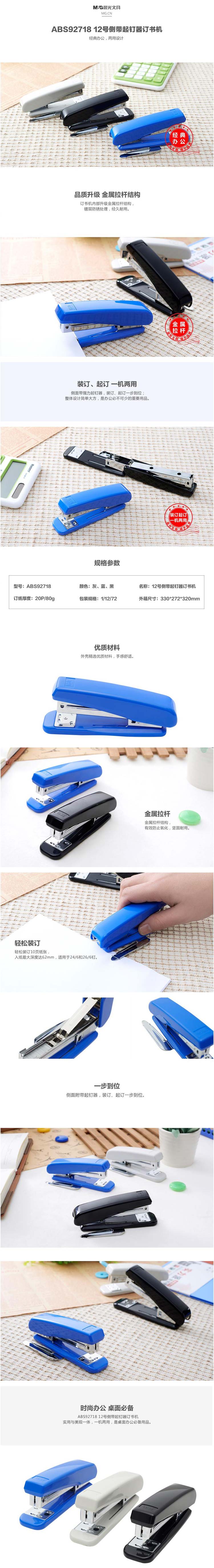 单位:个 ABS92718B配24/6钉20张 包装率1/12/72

○ ○ ○

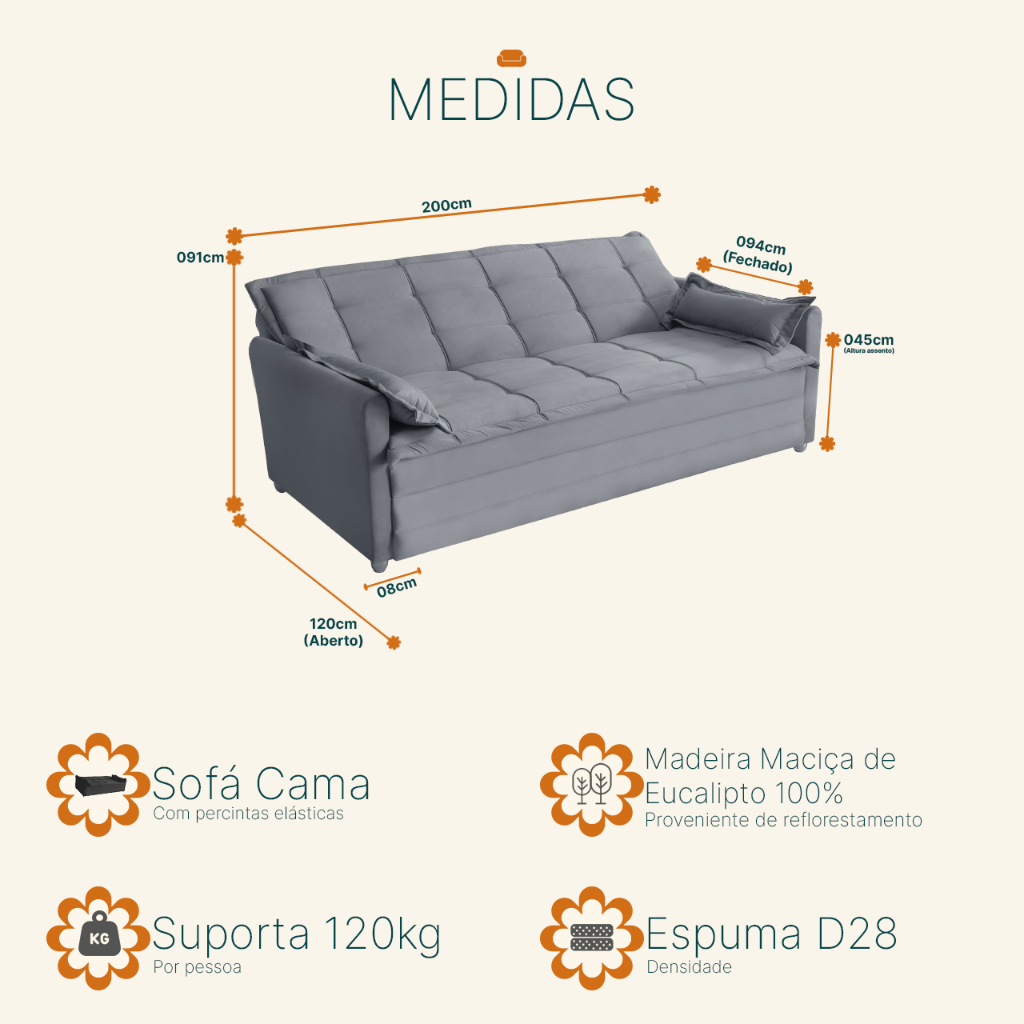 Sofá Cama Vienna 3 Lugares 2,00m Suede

○ ○ ○

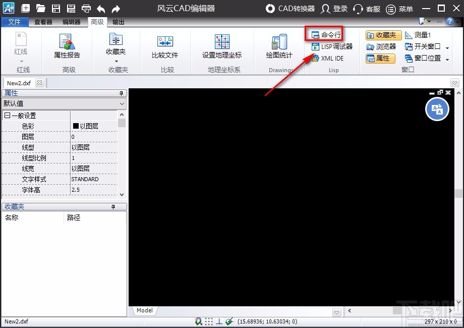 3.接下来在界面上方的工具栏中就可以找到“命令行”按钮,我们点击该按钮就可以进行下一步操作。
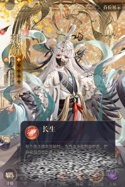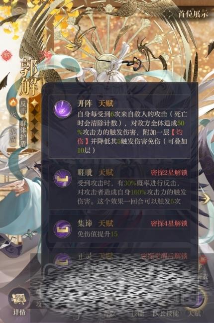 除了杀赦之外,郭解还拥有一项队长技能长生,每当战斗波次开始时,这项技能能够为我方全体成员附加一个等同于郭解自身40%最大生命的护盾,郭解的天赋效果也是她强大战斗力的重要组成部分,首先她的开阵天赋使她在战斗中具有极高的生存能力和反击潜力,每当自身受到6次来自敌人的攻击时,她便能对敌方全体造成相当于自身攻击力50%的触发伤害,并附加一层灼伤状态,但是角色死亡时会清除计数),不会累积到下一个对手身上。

○ ○ ○

The stretch to restate runs from the line above containing "3.接下来在界面上方的工具栏" through the line containing "除了杀赦之外,郭解还拥有一项". Copy it word for word, ends included, without pictures.

 3.接下来在界面上方的工具栏中就可以找到“命令行”按钮,我们点击该按钮就可以进行下一步操作。
 除了杀赦之外,郭解还拥有一项队长技能长生,每当战斗波次开始时,这项技能能够为我方全体成员附加一个等同于郭解自身40%最大生命的护盾,郭解的天赋效果也是她强大战斗力的重要组成部分,首先她的开阵天赋使她在战斗中具有极高的生存能力和反击潜力,每当自身受到6次来自敌人的攻击时,她便能对敌方全体造成相当于自身攻击力50%的触发伤害,并附加一层灼伤状态,但是角色死亡时会清除计数),不会累积到下一个对手身上。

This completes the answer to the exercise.